__ASSIGNMENT__:
Only the lines from the one with "В наличии и" through the end of the material are wanted, copied exactly and with the pictures left out.

__INFORMATION SUPPLIED__:

※

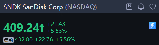 存儲概念持續火爆。SanDisk Corp 、美光科技升逾5%,均再創歷史新高。同時, 西部數據 升逾4%, 希捷科技 漲3.79%。花旗分析師認為,受AI智能體普及和AI CPU內存需求激增的驅動,存儲芯片價格將在2026年出現失控式上漲。野村分析師則判斷,這一輪始於2025年下半年的「存儲行業超級周期」將至少延續至2027年。
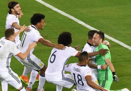 حسم المنتخب الكولومبي ورقة ترشحه إلى نصف نهائي كوبا أميركا 2016 بفوزه على نظيره البيروفي بفارق ركلات الجزاء الترجيحية صباح اليوم السبت. وتنتظر كولومبيا الفائز من مباراة المكسيك وتشيلي في المرحلة التالية.
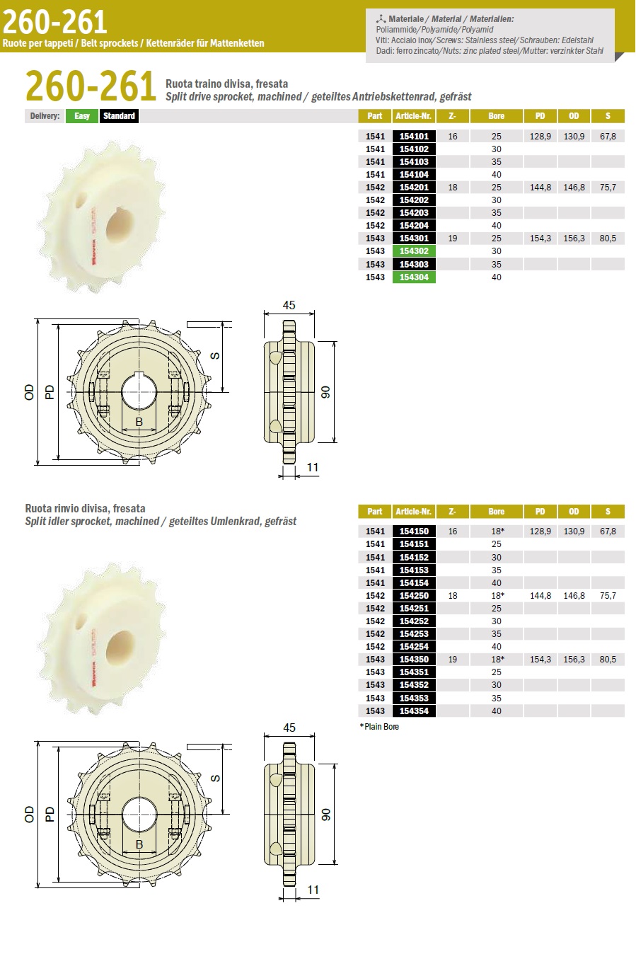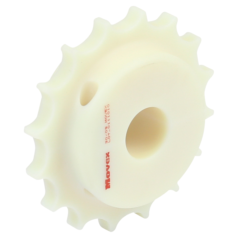 В наличии и под заказ доступен широкий ассортимент фрезерованных зубчатых ведущих колес, пассивных, разъемных пластмассовых шестеренок для пластинчатых цепей и модульных лент.
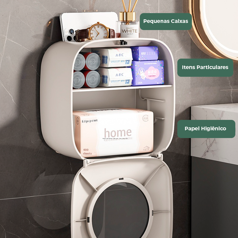 Transforme a rotina com o Dispenser de Papel Higiênico de Parede! Moderno e multifuncional, ele não só armazena papel higiênico, mas também conta com compartimentos extras para pequenos itens e uma prateleira superior para apoiar celular, relógio, perfumes ou acessórios.

※

__TASK RESULT__:
 В наличии и под заказ доступен широкий ассортимент фрезерованных зубчатых ведущих колес, пассивных, разъемных пластмассовых шестеренок для пластинчатых цепей и модульных лент.
 Transforme a rotina com o Dispenser de Papel Higiênico de Parede! Moderno e multifuncional, ele não só armazena papel higiênico, mas também conta com compartimentos extras para pequenos itens e uma prateleira superior para apoiar celular, relógio, perfumes ou acessórios.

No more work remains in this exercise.